The other day, I dropped my son off at youth group, which gave me an opportunity to process my emotions. Growing up, I wasn’t exactly the kind of kid who fit in easily. I was awkward and, if I’m being honest, probably a bit strange.
My son and I had a great weekend. We spent most of it outside, playing, doing fun things, and doing some chores. It was truly a good weekend.
But.
Sometimes, it feels like there’s always a “but,” doesn’t it?
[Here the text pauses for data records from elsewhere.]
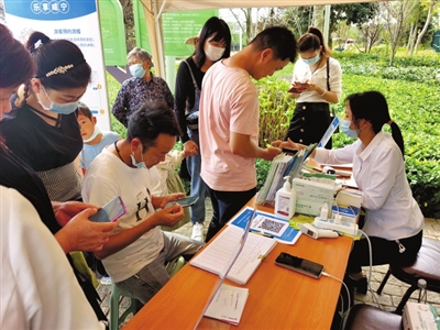 与此同时,在官桥八组田野乡村公园开心农场景区门前,笔者看到检票处排起了长队,游客们正有序地核销预约二维码、测温、登记完后陆续进入景区。景区内随处可见拍照合影、嬉戏玩耍的身影,洋溢着一派欢声笑语的热闹景象。
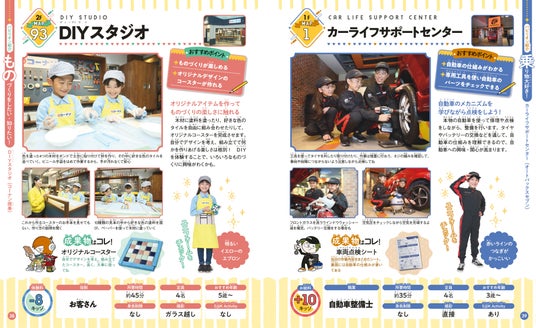 各パビリオンを「食べ物を作りたい!」「乗り物大好き!」など、仕事内容の分野別にまとめてわかりやすくしています。
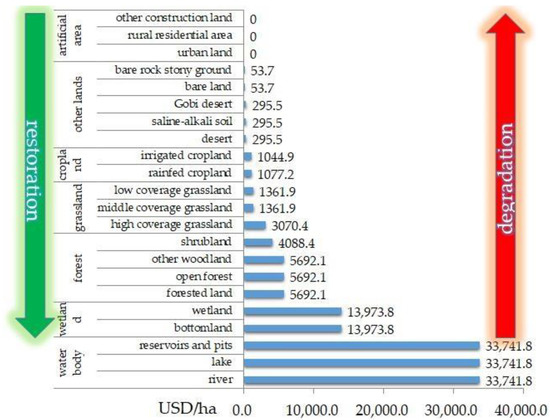 This study modifies the evaluation rule of LUCC in the Inner Mongolia Autonomous Region Based on the ESV value per unit area. In the evaluation of ESV, the ESV of grassland per unit area is higher than that of cropland. Considering the ecosystem services of both land cover types, the conversion of grassland to cropland should be considered degradation. The ESV per unit area of water bodies was the largest, so the transformation of water bodies into other land use types was defined as degradation. After modifying the rule, the difference in the degree of land restoration or degradation could be determined by measuring the change in ESV. For example, the ESV of 1 hectare of forest converted into wetland increased by USD 8284.3, and the ESV of 1 hectare of other land (desert) converted to wetland increased by USD 13,678.3. Similarly, the ESV restoration coefficient of other land is 1.65 times that of forest restoration.

First, I had to talk with him—you know, the talk about what to do if someone tries to convince him to go off with them. Whether it was an adult or a peer, I told him to say no and text me immediately.Celebrating Sunset
Sexual assault happens. Most people like to think it won’t happen wherever they send their kids, but it does. I’ve sat with enough victims to know that it can happen anywhere. We tend to consider the risk with adults, but peer-to-peer incidents are often overlooked and rarely discussed.
So, I talked with my son about what to do if it happens. I reminded him that he can tell me anything, no matter what.
I encourage you to have this conversation with your kids, too.
The second emotional hurdle came when we pulled up to the drop-off spot. My son spotted a friend and excitedly called out his name. He jumped out of the truck, yelling, “Sam!*” and ran towards him.  Sam ignored him.
In that moment, my childhood feelings of rejection surged back. I felt awful for my son, and tears streamed down my face as I drove away. It really hurt to watch.
Like you, I’ve always wanted better for my kids. I’ve always wanted to protect them from the pain and discomfort I experienced.
But the truth is, I can’t.
The other side of the story is that my son didn’t seem bothered by it. When I asked him about the evening after I picked him up, he said he had a great time.
We haven’t had a chance to talk about Sam’s interaction, and we might never have that conversation. But it’s a good reminder for me to let him experience life through his lens, not mine.
In an earlier post, I discussed the importance of letting our kids fail. That’s essential, but it’s also crucial to let them struggle and succeed on their own terms.
This, I believe, is one of the biggest challenges of parenting—balancing the need to let your kids face struggles with the recognition that what was once (or still is) a struggle for you may not be for them.
We all feel the pressure. The stakes in parenting seem so high that we sometimes think there’s only one “right” way to do it, and if we don’t get it exactly right, we’ll mess everything up. While I doubt that’s true, many of us can’t help but feel that way.
Our kids know we’re going to make mistakes. Most will go through a phase of grappling with their parents’ flaws, but eventually, they’ll likely accept them as part of being human.
Maybe this story resonates with you; maybe it doesn’t. Perhaps I’m writing it more for my benefit. But if any of it applies to you, I want you to know your kids see your efforts. I know parenting is hard, but it’s also one of the most rewarding experiences ever.
May you find joy in processing your emotions. May your journey with your children be filled with both struggles and successes. I believe in you.